Fix GpuSoftmax and GpuSoftmaxWithBias for non-float32 operation.

f83f03af · Arnaud Bergeron · a5814d54 · f83f03af
--- a/theano/sandbox/gpuarray/nnet.py
+++ b/theano/sandbox/gpuarray/nnet.py
@@ -524,7 +524,7 @@ class GpuCrossentropySoftmax1HotWithBiasDx(GpuKernelBase, Op):
 gpu_crossentropy_softmax_1hot_with_bias_dx = GpuCrossentropySoftmax1HotWithBiasDx()
-class GpuSoftmax (GpuKernelBase, Op):
+class GpuSoftmax(GpuKernelBase, Op):
    """
    Implement Softmax on the gpu.
@@ -541,7 +541,7 @@ class GpuSoftmax (GpuKernelBase, Op):
        return shape
    def c_code_cache_version(self):
-        return (13,) + inline_softmax.code_version
+        return (14,) + inline_softmax.code_version
    def c_header_dirs(self):
        if pygpu.get_default_context().kind == 'opencl':
@@ -656,7 +656,8 @@ class GpuSoftmax (GpuKernelBase, Op):
        work_sm = work_dtype(dtype_sm)
        flags = Kernel.get_flags(dtype_x, dtype_sm)
        type_x = gpuarray.dtype_to_ctype(dtype_x)
-        type_sm = gpuarray.dtype_to_ctype(work_sm)
+        type_sm = gpuarray.dtype_to_ctype(dtype_sm)
+        type_acc = gpuarray.dtype_to_ctype(work_sm)
        params = [
            'uintp', 'uintp',
            gpuarray.GpuArray, 'uintp', 'intp', 'intp',
@@ -672,8 +673,8 @@ class GpuSoftmax (GpuKernelBase, Op):
                    '%s * sm' % type_sm, 'const ga_size offset_sm',
                    'const ga_ssize sm_s0', 'const ga_ssize sm_s1'],
                body=[
-                    "extern __shared__ %s buf[]" % type_sm,
+                    "extern __shared__ %s buf[]" % type_acc,
-                    "%s * buf2 = buf + N" % type_sm,
+                    "%s * buf2 = buf + N" % type_acc,
                    "x = (const %s *)(((char *)x)+offset_x)" % type_x,
                    "sm = (%s *)(((char *)sm)+offset_sm)" % type_sm,
                    "for (int blockIDX = blockIdx.x; blockIDX < M;"

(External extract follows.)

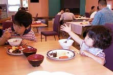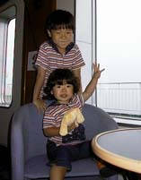 | 船で一晩過ごしたけど、熟睡出来たよ。 朝は船のレストランでバイキング。もりもり食べたよ。 外は生憎の雨と風。なので、船の中で遊んだよ。 |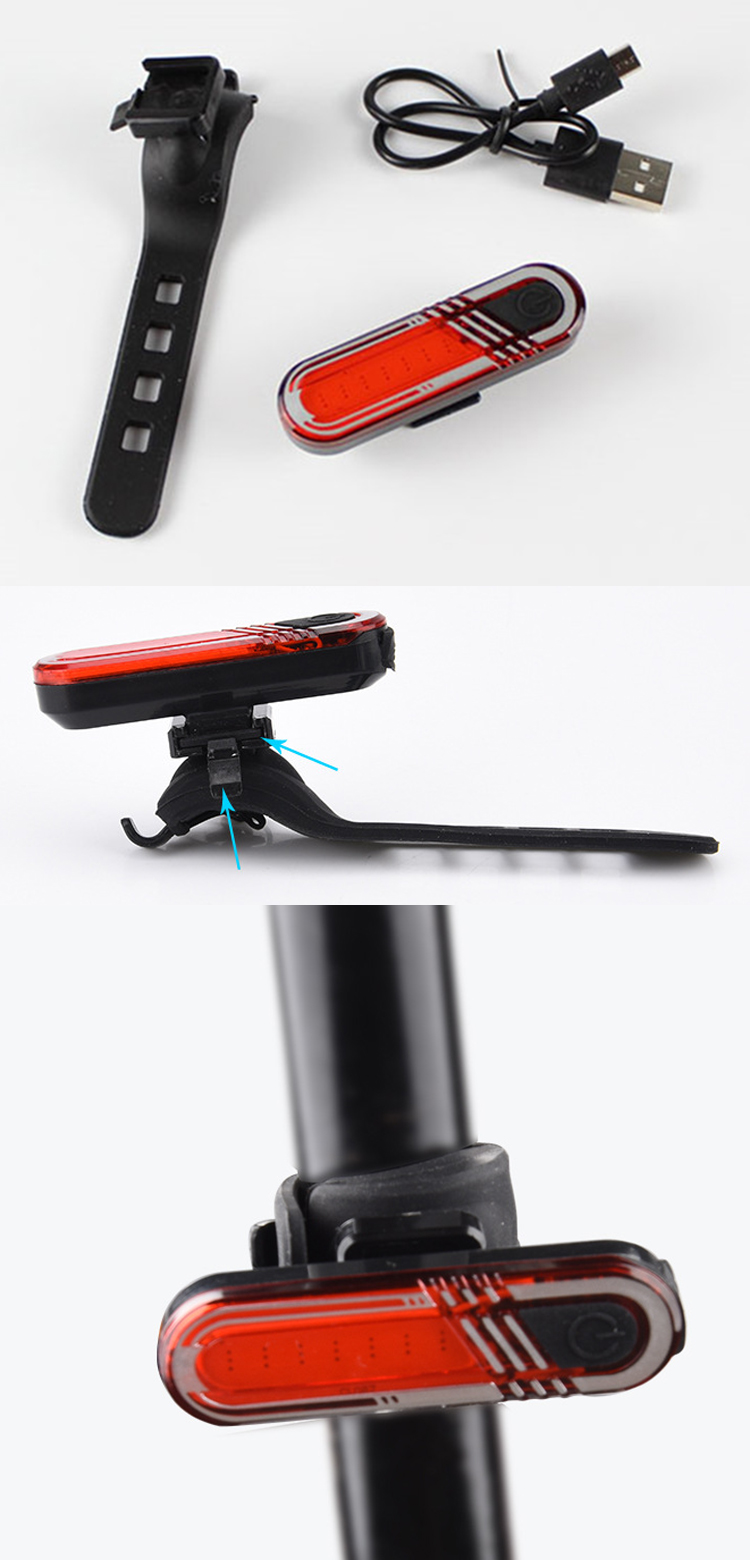 Isang COB bicycle tail light, na may USB cable para i-charge.

@@ -683,8 +684,8 @@ class GpuSoftmax (GpuKernelBase, Op):
                        "buf2[tx] = buf[tx]",
                      "}",
                      "__syncthreads()",
-                      inline_softmax('N', 'buf', 'buf2',
+                      inline_softmax('N', 'buf', 'buf2', 'threadIdx.x',
-                                     'threadIdx.x', 'blockDim.x', work_sm),
+                                     'blockDim.x', dtype=work_sm),
                      "for (int tx = threadIdx.x; tx< N; tx += blockDim.x){",
                        # This set all value correctly
                        "sm[blockIDX * sm_s0 + tx * sm_s1] = %s(buf[tx])" % write_sm,
@@ -703,7 +704,7 @@ class GpuSoftmax (GpuKernelBase, Op):
                    '%s * sm' % type_sm, 'const ga_size offset_sm',
                    'const ga_ssize sm_s0', 'const ga_ssize sm_s1'],
                body=[
-                    "extern __shared__ %s buf[]" % type_sm,
+                    "extern __shared__ %s buf[]" % type_acc,
                    "x = (const %s *)(((char *)x)+offset_x)" % type_x,
                    "sm = (%s *)(((char *)sm)+offset_sm)" % type_sm,
                    "for (int blockIDX = blockIdx.x; blockIDX < M;"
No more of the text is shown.